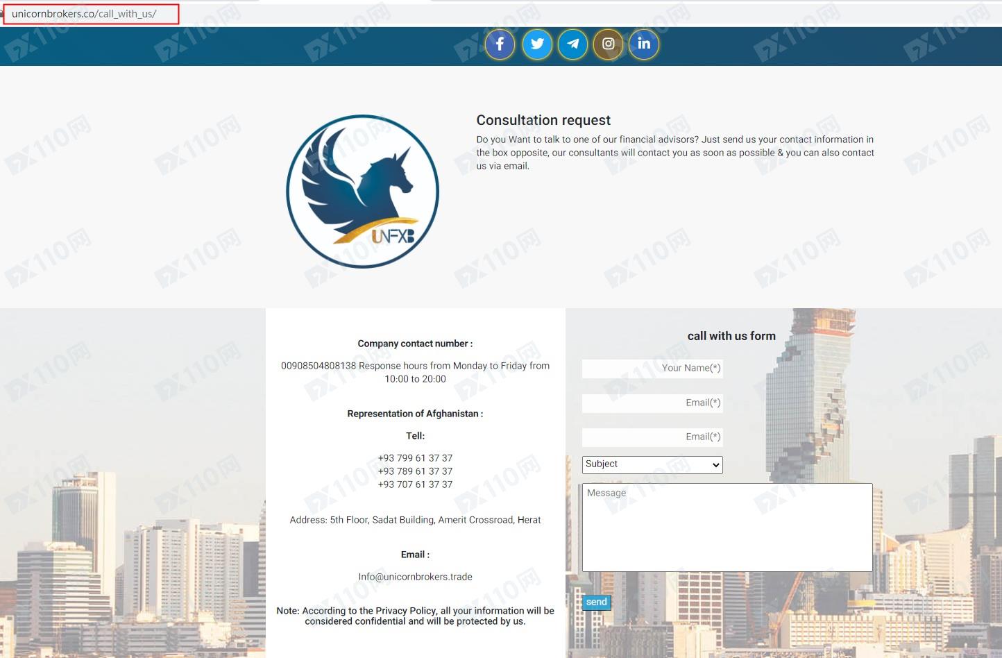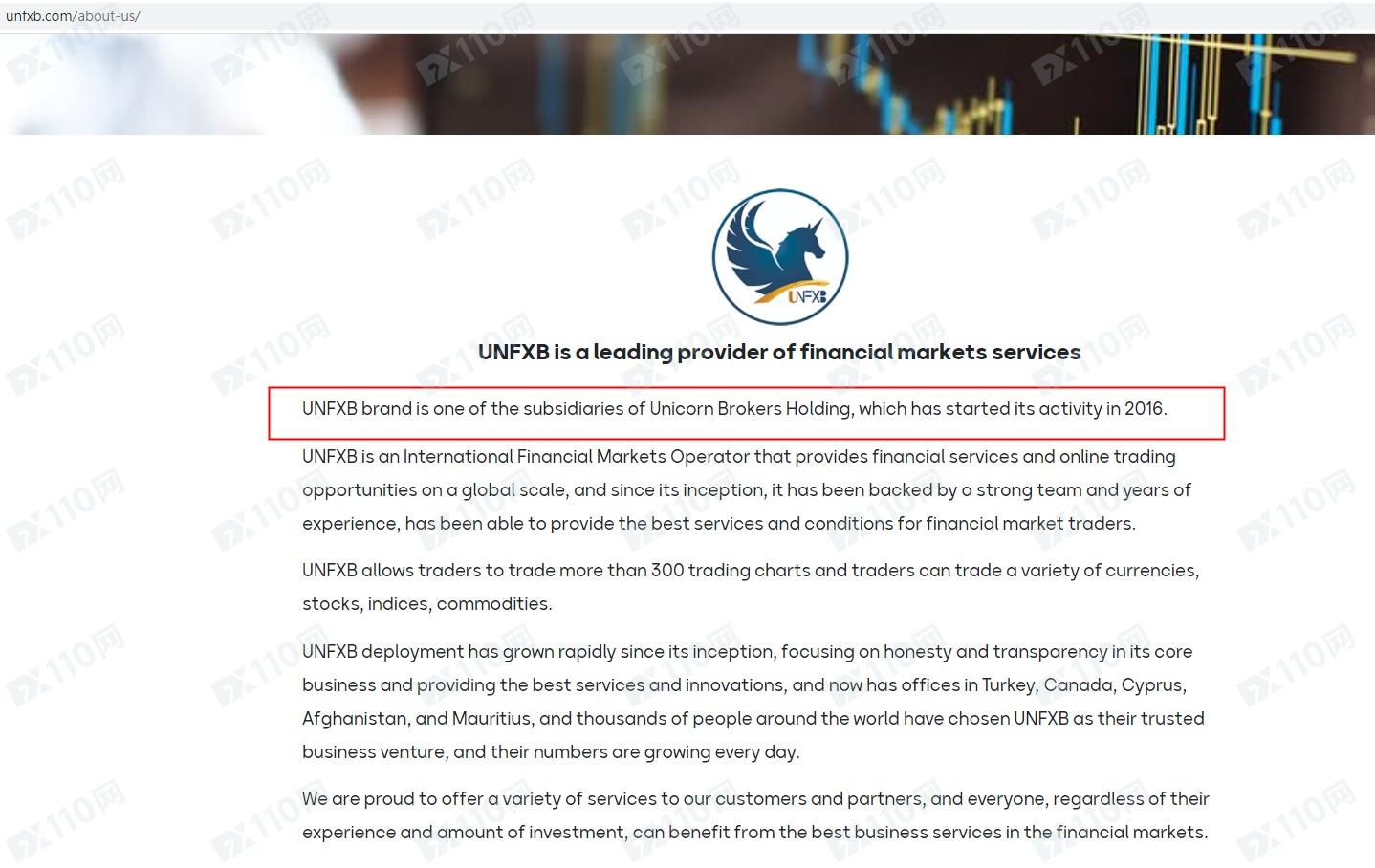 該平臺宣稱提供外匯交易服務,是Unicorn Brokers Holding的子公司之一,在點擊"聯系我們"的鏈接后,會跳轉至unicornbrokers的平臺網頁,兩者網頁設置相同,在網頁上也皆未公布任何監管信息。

---

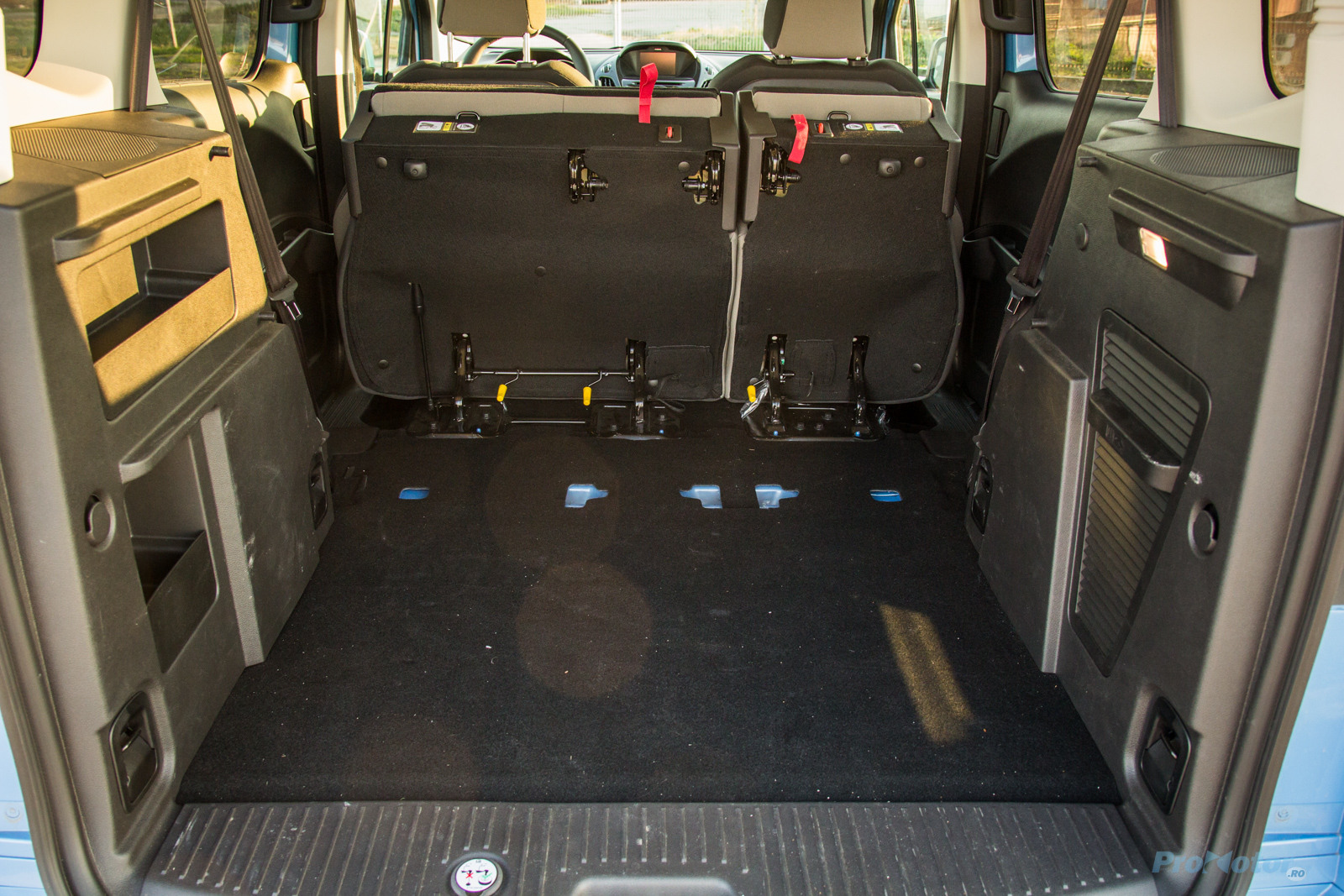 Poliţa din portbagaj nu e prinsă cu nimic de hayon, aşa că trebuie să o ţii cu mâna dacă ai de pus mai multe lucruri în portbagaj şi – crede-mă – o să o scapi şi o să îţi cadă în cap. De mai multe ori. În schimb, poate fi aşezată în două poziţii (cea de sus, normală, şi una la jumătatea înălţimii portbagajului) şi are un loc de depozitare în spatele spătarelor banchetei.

---

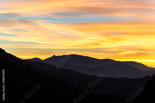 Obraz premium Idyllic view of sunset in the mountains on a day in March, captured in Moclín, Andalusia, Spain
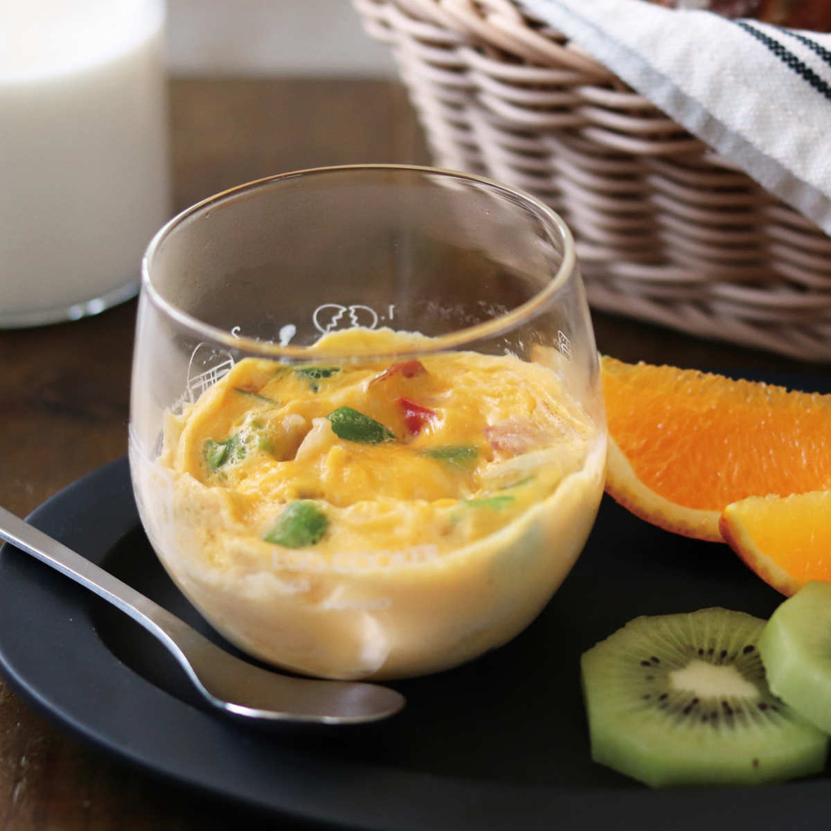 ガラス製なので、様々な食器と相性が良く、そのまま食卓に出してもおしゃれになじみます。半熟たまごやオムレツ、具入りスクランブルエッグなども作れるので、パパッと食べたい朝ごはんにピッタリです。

| INSTRUCTIONS FOR THE TASK |
The answer must be the part of the records that opens with the line containing "Obraz premium Idyllic" and closes with the line containing "ガラス製なので、様々な食器と", reproduced exactly, with no pictures.

| REPLY |
 Obraz premium Idyllic view of sunset in the mountains on a day in March, captured in Moclín, Andalusia, Spain
 ガラス製なので、様々な食器と相性が良く、そのまま食卓に出してもおしゃれになじみます。半熟たまごやオムレツ、具入りスクランブルエッグなども作れるので、パパッと食べたい朝ごはんにピッタリです。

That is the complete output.